7. The extension method of large model vulnerability detection data according to claim 4, characterized in that, When the target mutation operation is a parameter expansion mutation, the step of performing mutation processing on the code to be mutated based on the target mutation operation to obtain the mutated code includes: Identify the business meaning of input parameters in the original vulnerability detection code; The business execution logic is determined based on the data processing logic code; Based on the business meaning of the input parameters and the business execution logic, determine the business-related parameters of the input parameters; By summing the input parameters and the business-related parameters, new input parameters are generated; Based on the new input parameters, the preprocessed code in the code to be mutated is modified to generate the mutated code.
8. An extension device of large model vulnerability detection data, characterized in that, include: The module includes a code extraction module, a type identification module, a mutation operation filtering module, a mutation operation selection module, a mutation processing module, and a code integration module.
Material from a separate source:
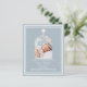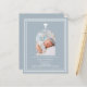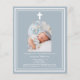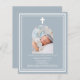 Dusty blue background, decorated with a white frame, and a white cross Personalise and add a photo name and details. White text. Arch shaped photo frame.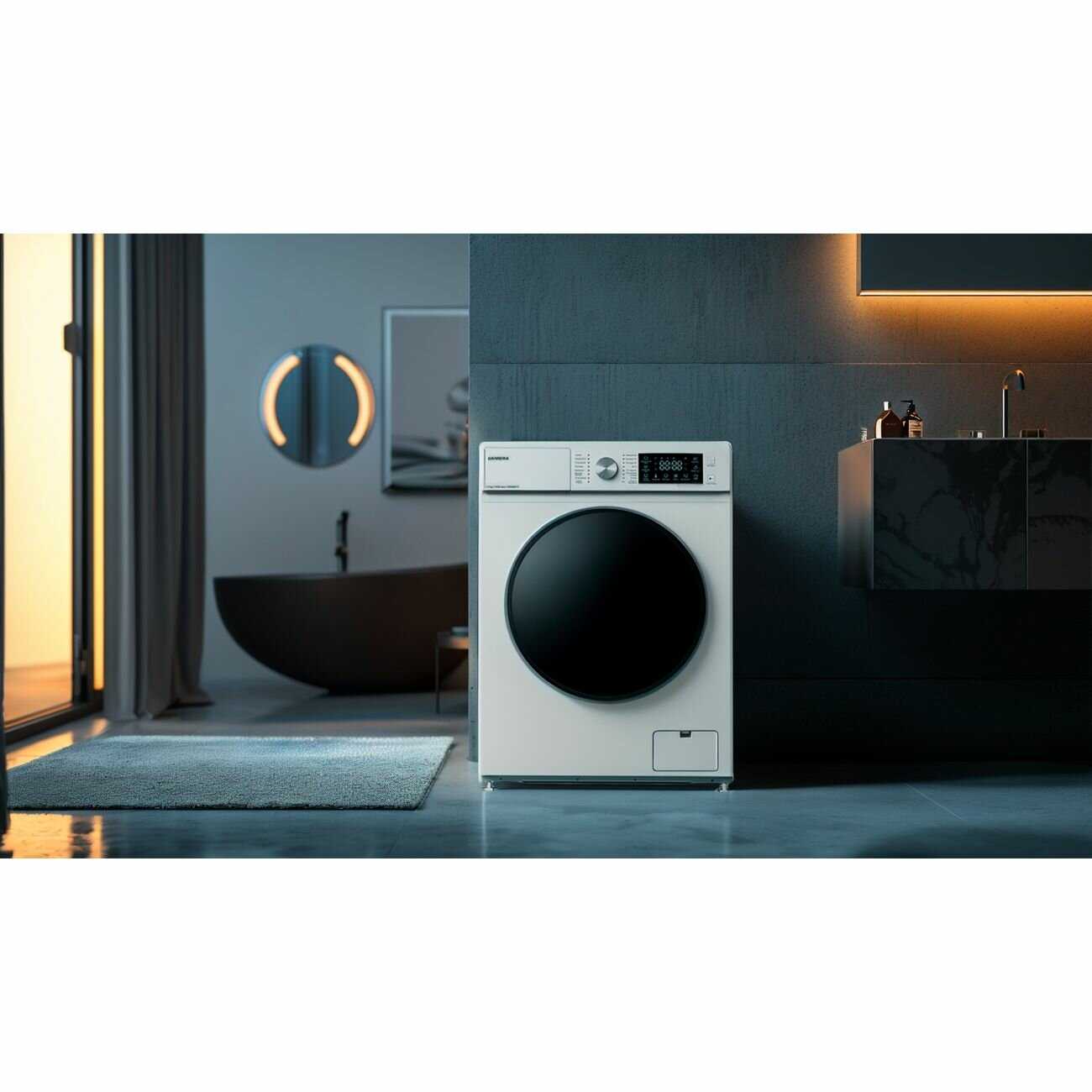 Несмотря на компактные габариты, подходит для маленьких помещений и вмещает пледы, одеяла. Пользователи, купившие для узкой ванной, довольны объёмом. Стирает большие вещи без проблем. Идеальна для небольших квартир по отзывам. -

The code extraction module is used to identify the data processing logic code in the original vulnerability detection code, and to identify the code other than the data processing logic code as code to be mutated. The type identification module is used to parse the original vulnerability detection code and determine the input data type and output data type. The mutation operation filtering module is used to filter out several applicable mutation operations from a preset mutation rule library based on the input data type and the output data type. The mutation operation selection module is used to randomly select a target mutation operation from a plurality of applicable mutation operations; The mutation processing module is used to perform mutation processing on the code to be mutated based on the target mutation operation to obtain the mutated code; The code integration module is used to integrate the mutated code and the data processing logic code to generate target vulnerability detection code for detecting large model vulnerability detection capabilities.
9. A terminal device, characterized in that, The system includes a processor, a memory, and a computer program stored in the memory and configured to be executed by the processor, wherein, when the processor executes the computer program, it implements the method for expanding large model vulnerability detection data as described in any one of claims 1-7.
10. A computer-readable storage medium, characterized in that, include: A stored computer program, wherein, when the computer program is executed, the device containing the computer-readable storage medium is controlled to perform the method for expanding large model vulnerability detection data as described in any one of claims 1-7.